When I hear the coyotes that close to the house I call a friend or two. We try to call them to the gun I just don't want them so close to the house.

But if there is to much life stuff going on I will carry a hand gun when I walk my dogs.

Al


----------



## GTX63 (Dec 13, 2016)

A sidearm is on my hip about as much as my pocket knife. We are currently setting up animal fencing just out of sight of the house, so they are going to be an issue. I am counting on it being in the short term.


----------



## alleyyooper (Apr 22, 2005)

LoL I don't carry a pocket knife.

Al


----------



## Danaus29 (Sep 12, 2005)

I started carrying a pocket knife several years ago. Even a small one comes in handy.


----------



## alleyyooper (Apr 22, 2005)

I quit carrying several years ago I flew a lot and they always wanted to take them.

Al


----------



## gilberte (Sep 25, 2004)

alleyyooper said:


> LoL I don't carry a pocket knife.
> 
> Al


 We're going to have to make a note in your file Al. A couple more like that and we may have to suspend your man card.


----------



## alleyyooper (Apr 22, 2005)

Yes by all means take the man card, just don't try to give me a sissy card like so many have who do carry.

Al


----------



## gilberte (Sep 25, 2004)

Man needs a pocket knife Al, hell, even women folks oughta have one. Just a handy tool. I hear ya about the security thing though. I had to go to the District Court here 6 or 8 months ago on a civil matter. 
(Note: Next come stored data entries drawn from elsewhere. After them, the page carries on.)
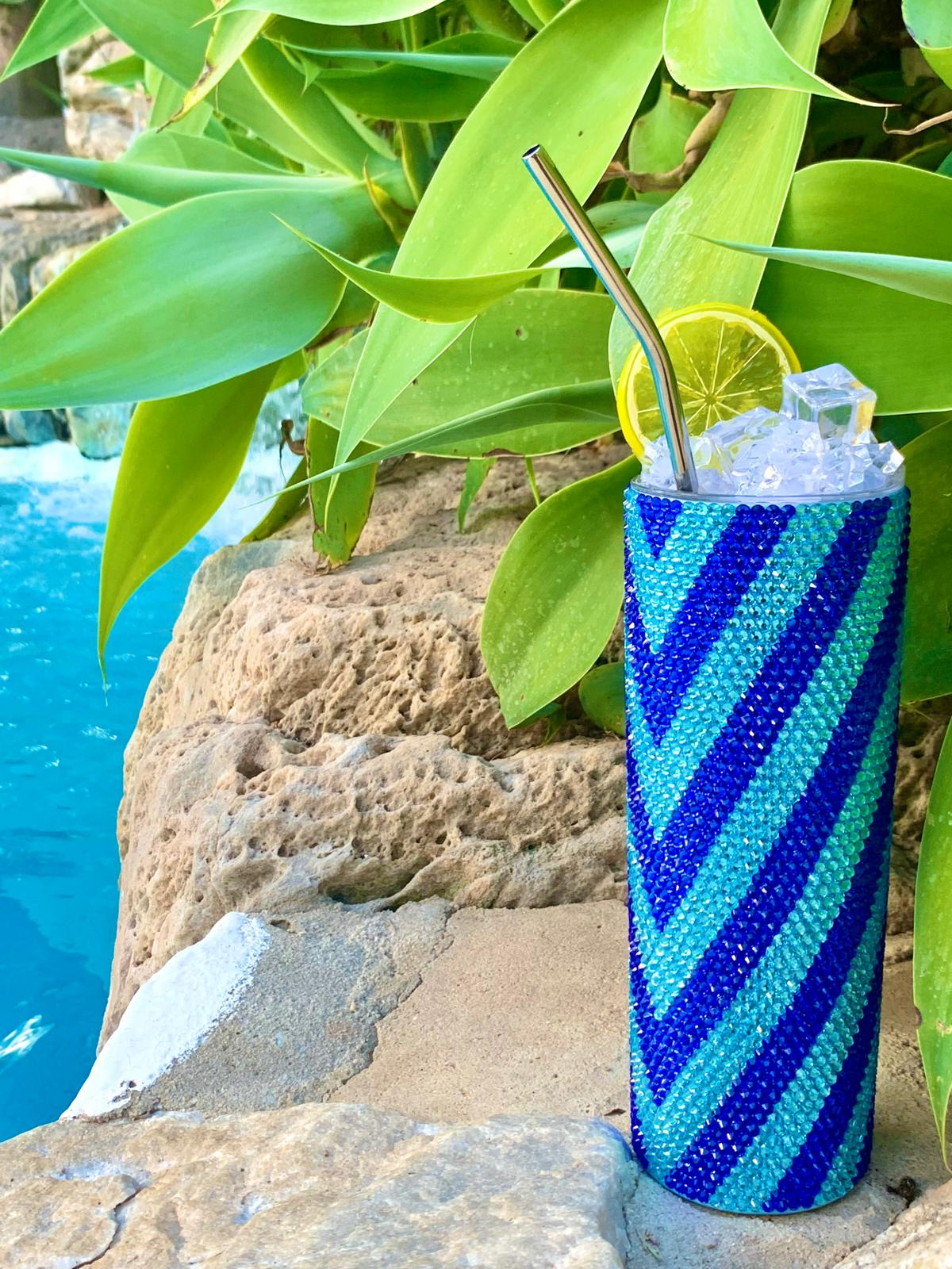 Présentation d'Ocean Glam, le gobelet en acier inoxydable de 20 oz avec couvercle hermétique, parfait pour toute occasion cet été. Avec un design bleu élégant et des détails brillants, vous vous sentirez unique et exclusif tout en dégustant vos boissons préférées. Ajoutez une touche de luxe à vos journées avec Ocean Glam.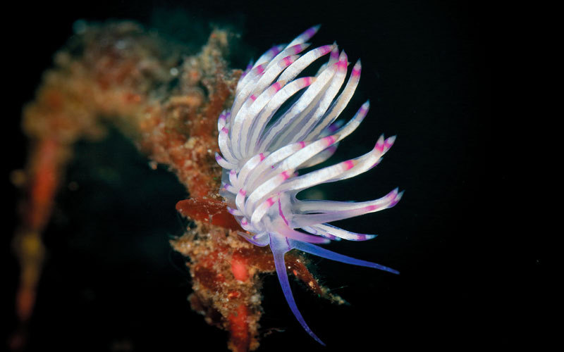 صورة لمخلوق من فصيلة عارية الخياشيم، تمكنت من تصويره خلال غطسة ليلية في منطقة تولمبين الإندونيسية، لا يتجاوز حجم الواحد منه العشرة ملليمترات.
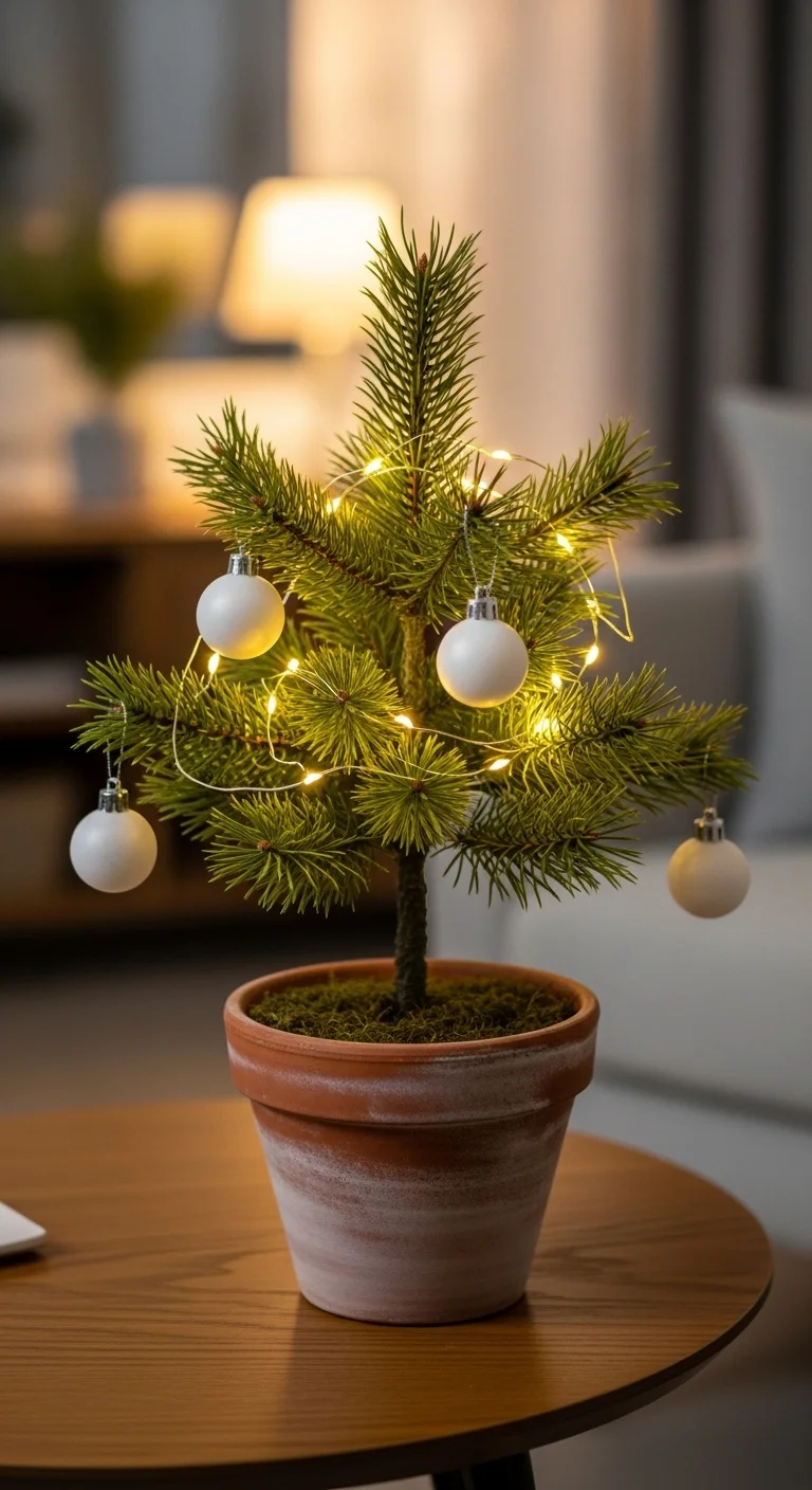 Keep it simple with a minimalist tree. Use a small real or faux pine and decorate with just lights and plain ornaments. It’s perfect for small spaces and easy to maintain. Wrap gifts in kraft paper to match the clean aesthetic.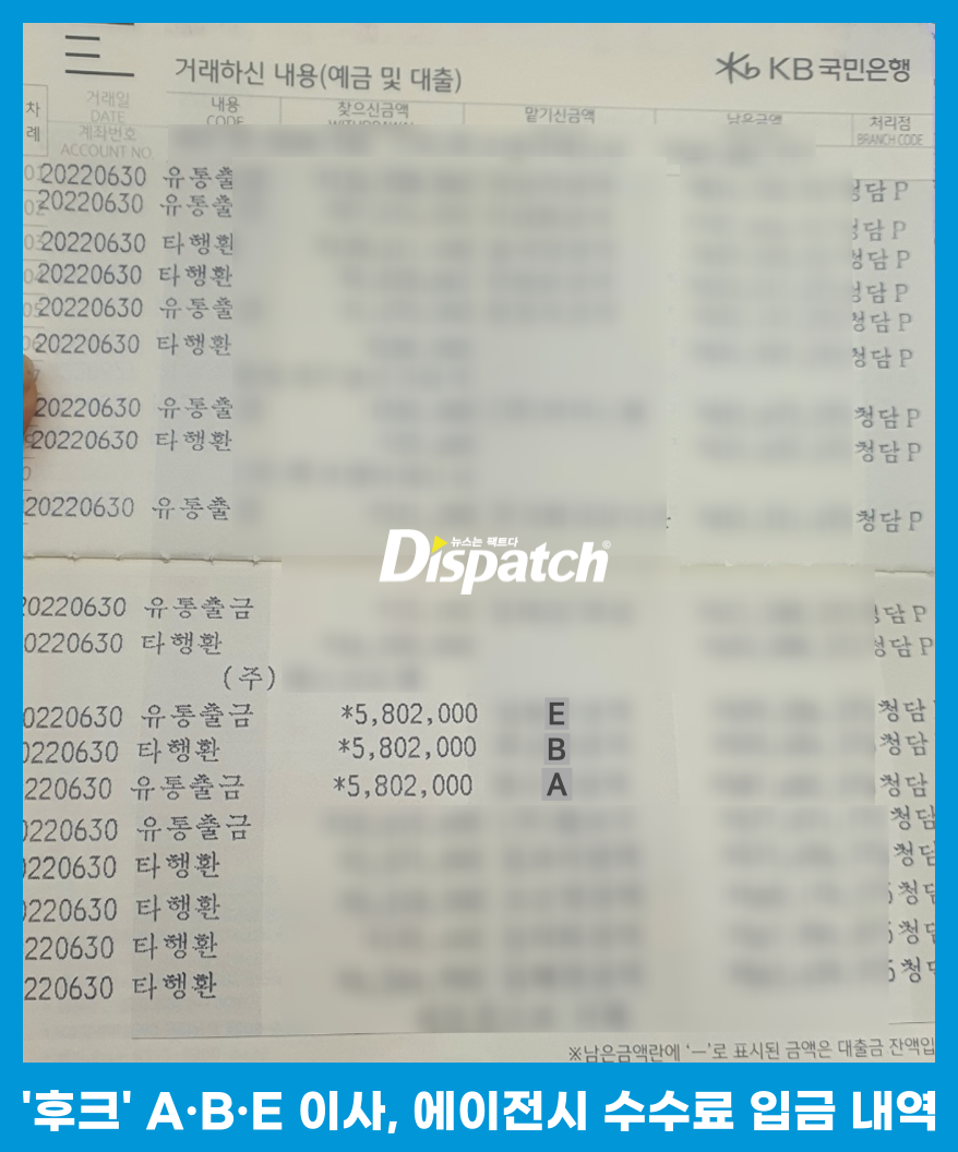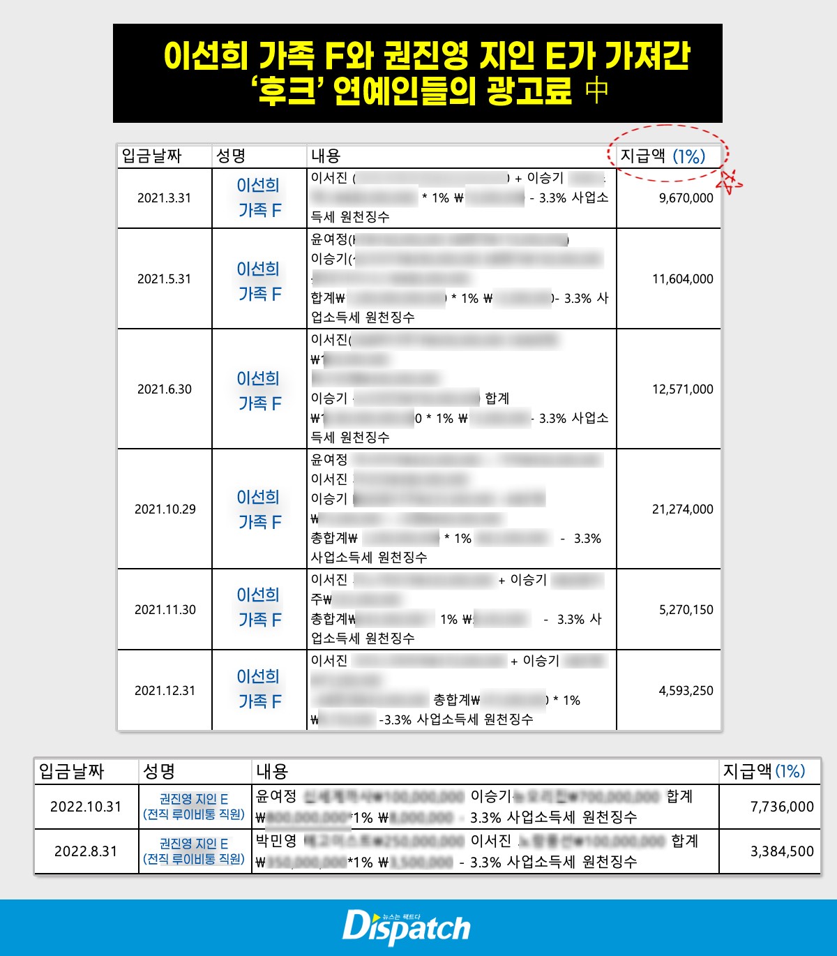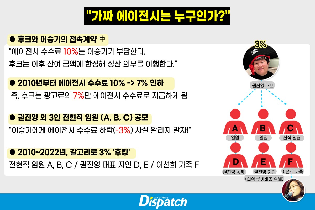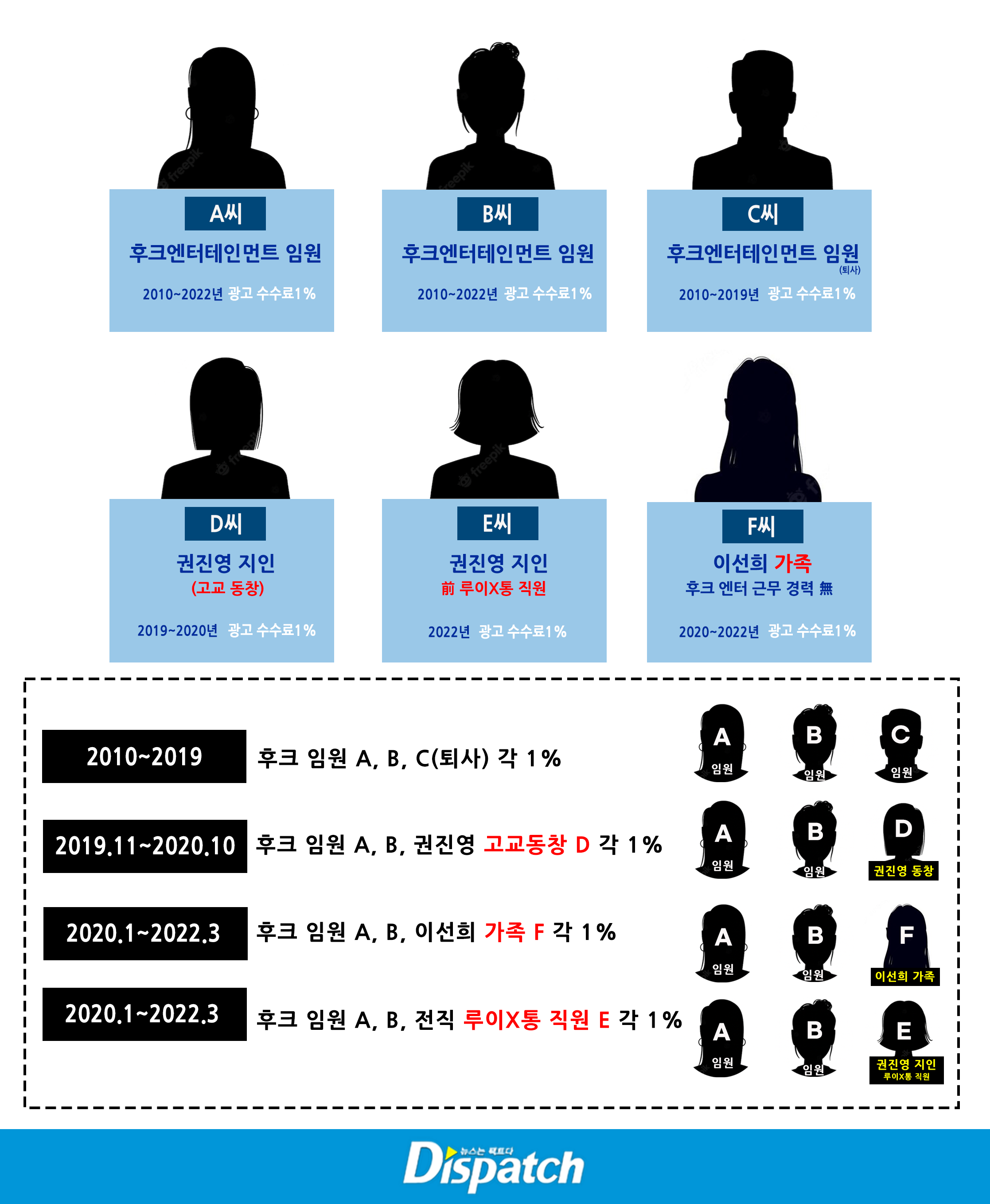 '디스패치'는 가짜 에이전시 비용을 추적했다. 후크의 전현직 임원 A, B, C, 권진영 대표의 지인 D와 E, 이선희 가족 F가 눈먼 돈을 챙긴 것으로 파악된다.

Surrendered my pocket knife (should have remembered to leave it in the truck). When I left, I just accepted my knife. When I got home I discovered that it was a smaller model of the Old Timer I had surrendered. All worked out though, when I contacted the security officer and we worked out the exchange.


----------



## alleyyooper (Apr 22, 2005)

All that trouble over a pocket knife. Could see it if it were a pistol or a rifle but a pocket knife?
Here you can't even go in the court house with a cell phone, camera ya know.

Al


----------



## Danaus29 (Sep 12, 2005)

Any time I have to go into the courthouse I leave my knife in my purse in the trunk. I have to take it off the key ring but the only time I go to the courthouse is to pay property taxes. The hospital emergency room is another matter. I just hand them the whole key ring, they put my name on the envelope. You have to show id to get the envelope.


----------



## alleyyooper (Apr 22, 2005)

Friday morning Stormy and I were walking our center path came over the hill there is a rabbit dead beside the trail. Don't allow stormy near it but give it a good look, head gone and intrails nearly all out of the body. Appears we had scared the killer off.
Saturday evening I take Lily up that trail and get where the rabbit had been, nothing but a mess of fur. Seems the killer was a hawk we had scared off by the looks of the hair pile. Afraid it didn't take a real good picture.




At least I know now for sure the deer hair would not have came out at all.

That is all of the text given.